How do you feel when you are able to reduce or cure seizures in someone whose life is highly affected by their epilepsy ?
It feels fantastic. It is a huge reward to see people come back well. If I had to pick out a small group of people in particular it would be people who have had seizures in teenage years who haven’t been able to get to college but who have then had surgery, been free of seizures and then trained as nurses or doctors and are now delivering healthcare. It is wonderful to see the transition.
What is the future for MRI?
The technology continues to move on. The main steps over the next five years will be to invest in a more powerful magnet. 7T MRI scanners are just coming in although they are not ready yet for full routine clinical use. It is a bit like a car with a very big engine. It may behard to control and more unstable.

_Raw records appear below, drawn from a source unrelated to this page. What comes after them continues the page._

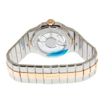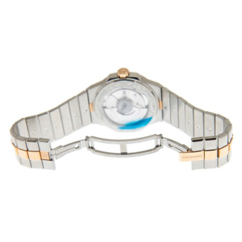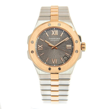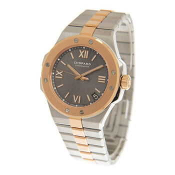 Silver-tone stainless steel case with a two-tone (silver-tone and rose gold-tone) 18kt rose gold and stainless steel bracelet. Fixed rose gold-tone 18kt rose gold bezel. Grey dial with rose gold-tone hands and Roman numeral hour markers. Minute markers around the outer rim. Dial Type: Analog. Luminescent hands and markers. Date display between 4 and 5 o'clock position. Chopard Calibre 01.01-C Automatic movement, containing 40 Jewels, composed of 207 parts, bitting at 28800 vph, and has a power reserve of approximately 60 hours. Scratch resistant sapphire crystal. Screw down crown. Transparent see through case back. Round case shape, case size: 41 mm. Hidden clasp. Water resistant at 100 meters / 330 feet. Functions: date, hour, minute, second, chronometer. Additional Info: original box, international warranty card, manual (complete accessories). Alpine Eagle Series. Luxury watch style. Watch label: Swiss Made. Chopard Alpine Eagle Automatic Chronometer Grey Dial Men's Watch 298600 6001.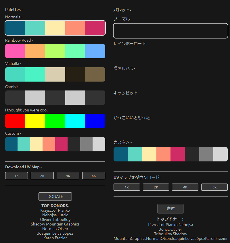 - 右側のUIで色を選んで、気に入ったものが出来たらDownload UV Map からダウンロードします。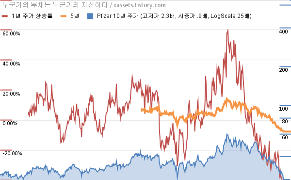 - 포스팅일 기준, 화이자의 1, 3, 5, 10년 연평균 주가상승률은 -48.19%, -10.93%, -7.68%, -0.86%이다.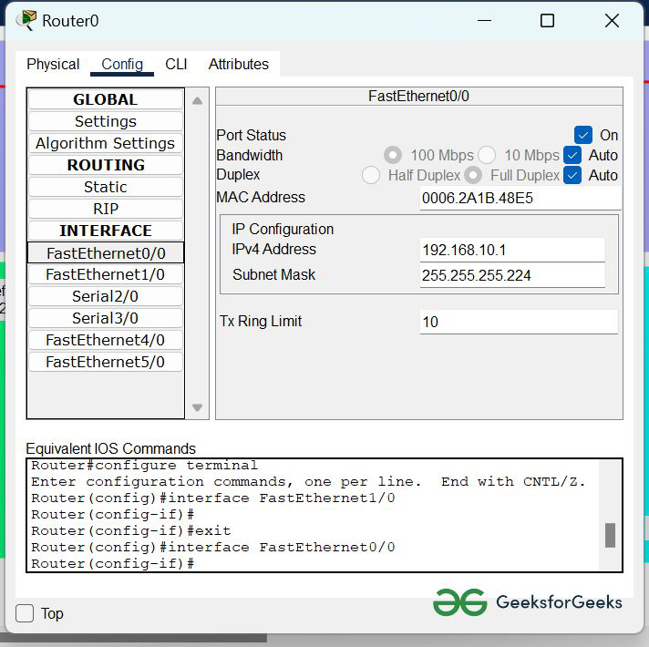 | router0 | FastEthernet0/0 | 192.168.10.1 | 255.255.255.224 |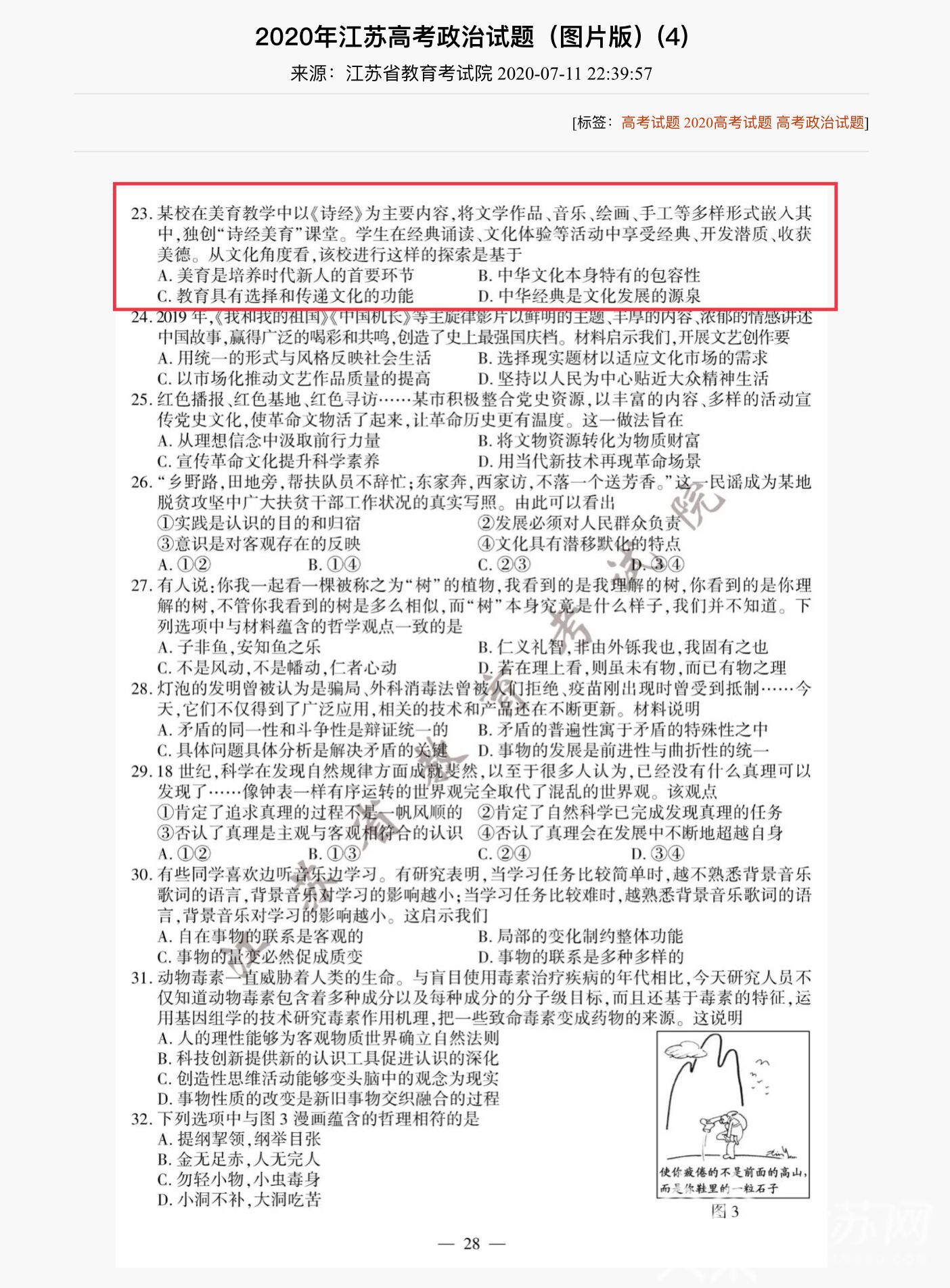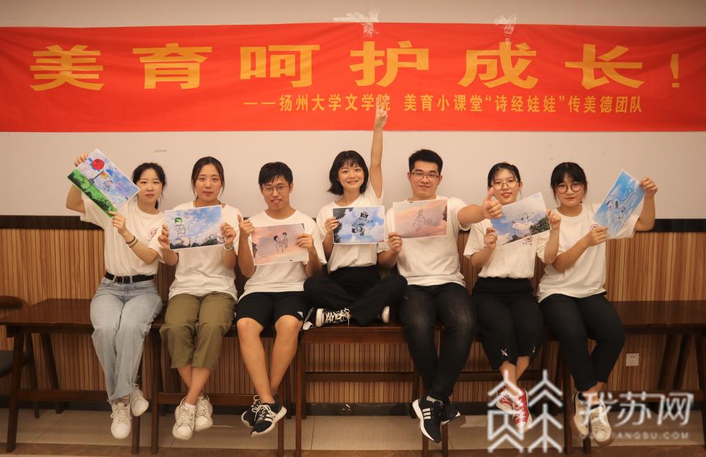 记者发现,江苏高考政治卷选择第23题题干中提到的“某校在美育教学中以《诗经》为主要内容,将文学作品、音乐、绘画、手工等多样形式嵌入其中,独创‘诗经美育’课堂。学生在经典诵读文化体验等活动中享受经典、开发潜质、收获美德……”所描述的正是扬州大学文学院经典传习社“诗经娃娃”美育课堂团队。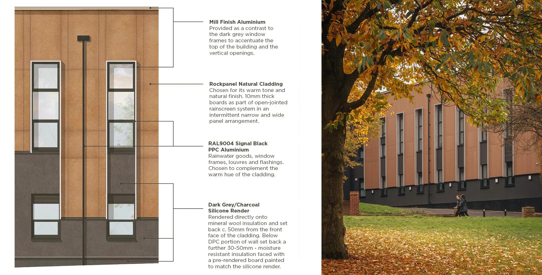 A contextual and cohesive architectural approach allowed the building to feel harmoniously part of the campus, whilst overcladding with insulation and a facade strategy that is directly informed by the vertical emphasis and grouping of windows inherent within the main Broadway college buildings.

However, over the next 2-3 years we will see 7T MRI scanners that are stable enough for reliable clinical use. This will give us more power and enable us to identify smaller abnormalities in the brain. With fMRI, it will help us develop our work further in understanding the different functions of each part of brain.
In parallel to this, we will see improvement in electronics and computing power. Scanners nowadays are hundreds times stronger than in earlier days so we are able to carry out much more sophisticated analyses. We envisage there will be continued advances in speed, precision and range. This will help us build up more and more detailed pictures of the brain.
We will also see the linking of all the MR data with new genetic data. We are just at the threshold with this development and we hope to start seeing results.
For example, certain genetic make-ups are associated with abnormality of structure in different parts of the brain and this is a field that is really going to open up in the coming years.